▸ SOURCE MATERIAL:

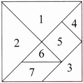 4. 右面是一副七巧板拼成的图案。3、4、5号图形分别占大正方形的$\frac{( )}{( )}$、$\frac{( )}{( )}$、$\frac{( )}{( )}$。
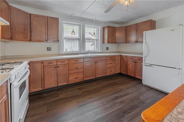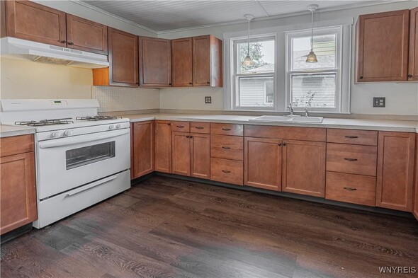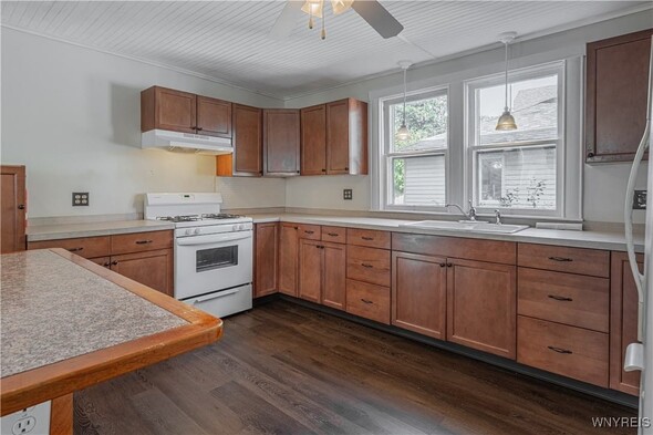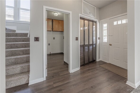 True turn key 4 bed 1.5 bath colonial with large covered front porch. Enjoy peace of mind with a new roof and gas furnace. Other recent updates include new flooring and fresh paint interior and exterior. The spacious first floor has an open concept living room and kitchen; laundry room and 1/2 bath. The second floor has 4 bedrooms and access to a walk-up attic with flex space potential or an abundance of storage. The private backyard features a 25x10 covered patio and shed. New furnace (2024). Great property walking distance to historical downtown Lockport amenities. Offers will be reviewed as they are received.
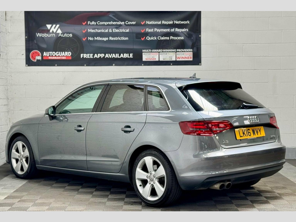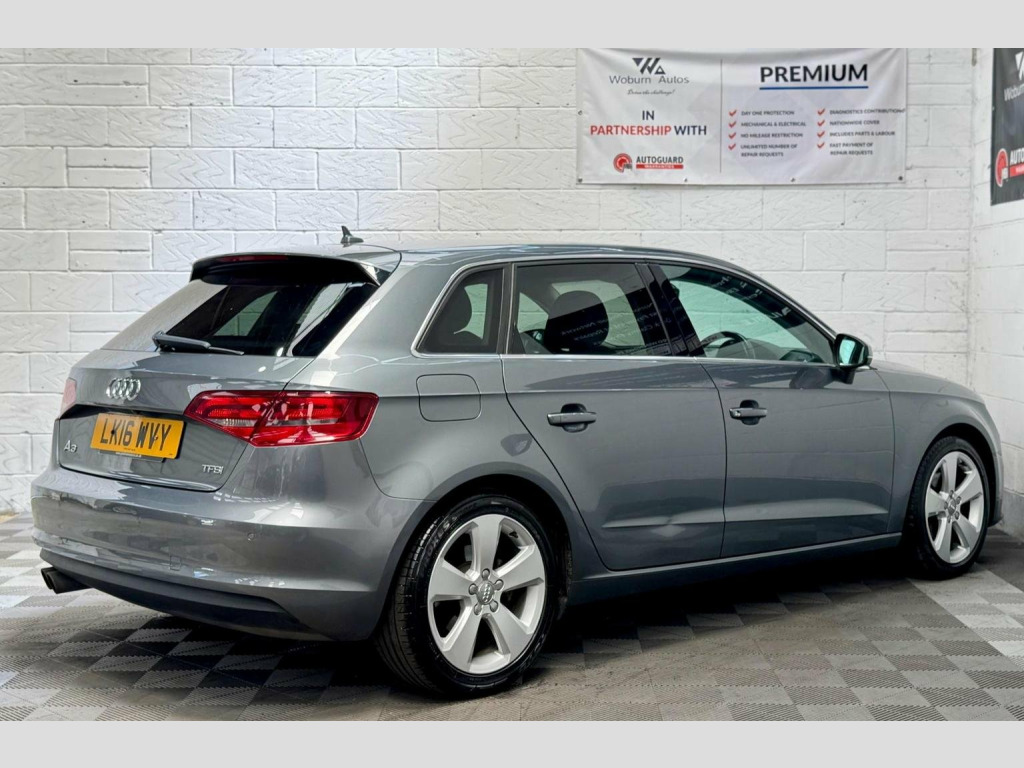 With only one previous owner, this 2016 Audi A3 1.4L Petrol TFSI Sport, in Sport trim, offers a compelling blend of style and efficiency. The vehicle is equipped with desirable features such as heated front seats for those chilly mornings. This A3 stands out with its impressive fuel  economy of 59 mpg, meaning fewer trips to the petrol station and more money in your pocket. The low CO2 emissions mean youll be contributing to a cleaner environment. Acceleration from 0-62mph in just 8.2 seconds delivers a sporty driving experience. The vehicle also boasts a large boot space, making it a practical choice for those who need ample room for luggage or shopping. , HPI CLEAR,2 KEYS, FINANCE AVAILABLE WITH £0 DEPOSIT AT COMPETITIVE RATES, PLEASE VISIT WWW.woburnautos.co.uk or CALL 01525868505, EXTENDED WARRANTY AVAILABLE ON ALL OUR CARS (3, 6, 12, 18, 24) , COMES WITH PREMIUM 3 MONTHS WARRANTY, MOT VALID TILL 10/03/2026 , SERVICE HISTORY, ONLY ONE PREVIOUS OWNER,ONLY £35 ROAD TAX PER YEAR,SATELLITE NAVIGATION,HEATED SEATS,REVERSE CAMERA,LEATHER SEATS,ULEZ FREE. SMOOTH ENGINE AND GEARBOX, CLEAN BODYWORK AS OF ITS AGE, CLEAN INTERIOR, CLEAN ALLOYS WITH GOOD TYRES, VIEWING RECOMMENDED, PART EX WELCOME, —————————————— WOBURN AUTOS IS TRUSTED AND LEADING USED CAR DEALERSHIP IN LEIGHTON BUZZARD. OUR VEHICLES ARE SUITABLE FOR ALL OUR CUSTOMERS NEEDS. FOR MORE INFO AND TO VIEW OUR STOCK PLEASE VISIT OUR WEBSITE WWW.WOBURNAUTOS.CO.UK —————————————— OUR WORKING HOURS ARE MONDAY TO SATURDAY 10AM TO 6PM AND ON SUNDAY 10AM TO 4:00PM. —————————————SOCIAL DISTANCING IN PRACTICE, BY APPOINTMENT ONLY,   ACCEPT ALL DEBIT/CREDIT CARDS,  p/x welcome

▸ TASK OBJECTIVE:
Word for word, retype all of the data above, but include no pictures.

▸ SOLUTION FOR THIS TASK:
 4. 右面是一副七巧板拼成的图案。3、4、5号图形分别占大正方形的$\frac{( )}{( )}$、$\frac{( )}{( )}$、$\frac{( )}{( )}$。
 True turn key 4 bed 1.5 bath colonial with large covered front porch. Enjoy peace of mind with a new roof and gas furnace. Other recent updates include new flooring and fresh paint interior and exterior. The spacious first floor has an open concept living room and kitchen; laundry room and 1/2 bath. The second floor has 4 bedrooms and access to a walk-up attic with flex space potential or an abundance of storage. The private backyard features a 25x10 covered patio and shed. New furnace (2024). Great property walking distance to historical downtown Lockport amenities. Offers will be reviewed as they are received.
 With only one previous owner, this 2016 Audi A3 1.4L Petrol TFSI Sport, in Sport trim, offers a compelling blend of style and efficiency. The vehicle is equipped with desirable features such as heated front seats for those chilly mornings. This A3 stands out with its impressive fuel  economy of 59 mpg, meaning fewer trips to the petrol station and more money in your pocket. The low CO2 emissions mean youll be contributing to a cleaner environment. Acceleration from 0-62mph in just 8.2 seconds delivers a sporty driving experience. The vehicle also boasts a large boot space, making it a practical choice for those who need ample room for luggage or shopping. , HPI CLEAR,2 KEYS, FINANCE AVAILABLE WITH £0 DEPOSIT AT COMPETITIVE RATES, PLEASE VISIT WWW.woburnautos.co.uk or CALL 01525868505, EXTENDED WARRANTY AVAILABLE ON ALL OUR CARS (3, 6, 12, 18, 24) , COMES WITH PREMIUM 3 MONTHS WARRANTY, MOT VALID TILL 10/03/2026 , SERVICE HISTORY, ONLY ONE PREVIOUS OWNER,ONLY £35 ROAD TAX PER YEAR,SATELLITE NAVIGATION,HEATED SEATS,REVERSE CAMERA,LEATHER SEATS,ULEZ FREE. SMOOTH ENGINE AND GEARBOX, CLEAN BODYWORK AS OF ITS AGE, CLEAN INTERIOR, CLEAN ALLOYS WITH GOOD TYRES, VIEWING RECOMMENDED, PART EX WELCOME, —————————————— WOBURN AUTOS IS TRUSTED AND LEADING USED CAR DEALERSHIP IN LEIGHTON BUZZARD. OUR VEHICLES ARE SUITABLE FOR ALL OUR CUSTOMERS NEEDS. FOR MORE INFO AND TO VIEW OUR STOCK PLEASE VISIT OUR WEBSITE WWW.WOBURNAUTOS.CO.UK —————————————— OUR WORKING HOURS ARE MONDAY TO SATURDAY 10AM TO 6PM AND ON SUNDAY 10AM TO 4:00PM. —————————————SOCIAL DISTANCING IN PRACTICE, BY APPOINTMENT ONLY,   ACCEPT ALL DEBIT/CREDIT CARDS,  p/x welcome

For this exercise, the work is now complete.